What an amazing day! Here are some key contributions from several of the more than 25 presenters and panelists who spoke on topics within the day’s themes of Crowdsourcing, Co-creation and Crowd Innovation, #CSWEurope16.
After a welcome by Crowdsourcing Week’s founder and CEO Epi Ludvik Nekaj, the first speaker – Rajiv Vaid Basaiawmoit of Aarhus University in Denmark – claimed that by 2020 when 4 billion people are connected online even crowdsourcing itself will be disrupted. Games and gamification give clues as to how developments will progress through a combination of fun and purpose. He gave great examples of how Cancer Research UK has used crowdsourcing, and how playing a video game for just six minutes can detect early signs of dementia and saves 16 hours of lab time. 2.4m people have so far downloaded the game.
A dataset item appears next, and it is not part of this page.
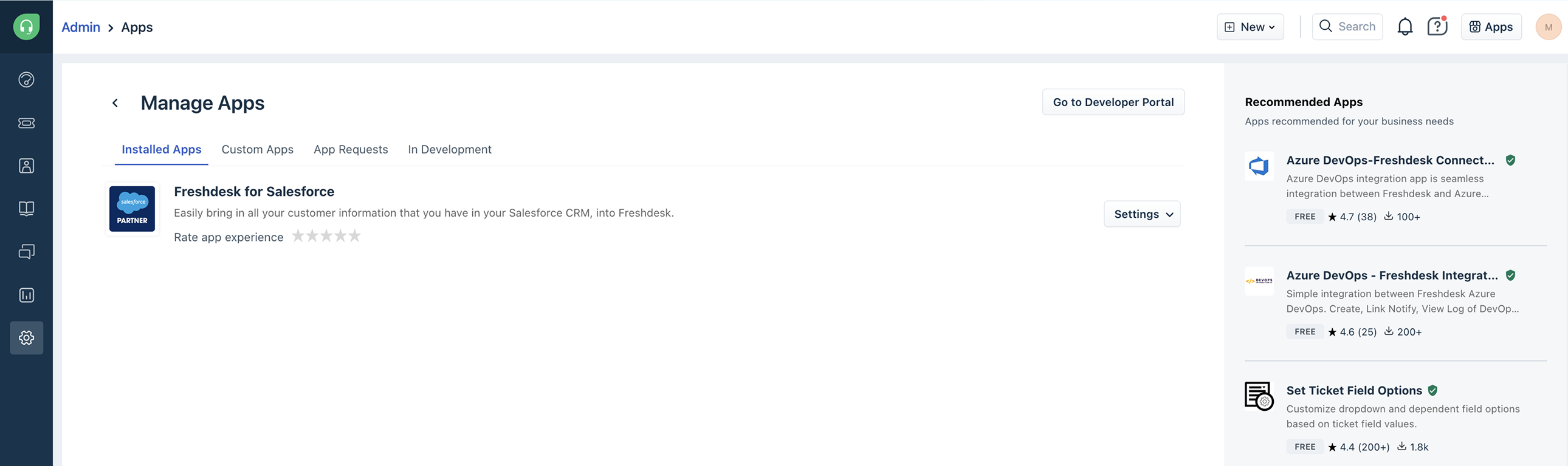 - Under the Installed Apps tab, click Settings near the app with the name Freshdesk for Salesforce

Hans Jacobs, Innovation Hubs Manager at BNP Paribas Fortis, our Premier Partner for the day, explained the bank’s programme to develop links and relevancy within the entrepreneur community. Rather than invite people to the bank they met entrepreneurs on their ground, in shared workspace areas – Innovation Hubs. And they trained staff to be more aware of the particular needs of the entrepreneurs as opposed to more established clients. It has not been just about money. For example, many startups want access to the bank’s network of professional service providers, and the bank recommended lawyers, accountants and the like on the basis of best matching the startup requirements, not for a fee or commission. This created win-wins for the startups and some of the bank’s existing clients.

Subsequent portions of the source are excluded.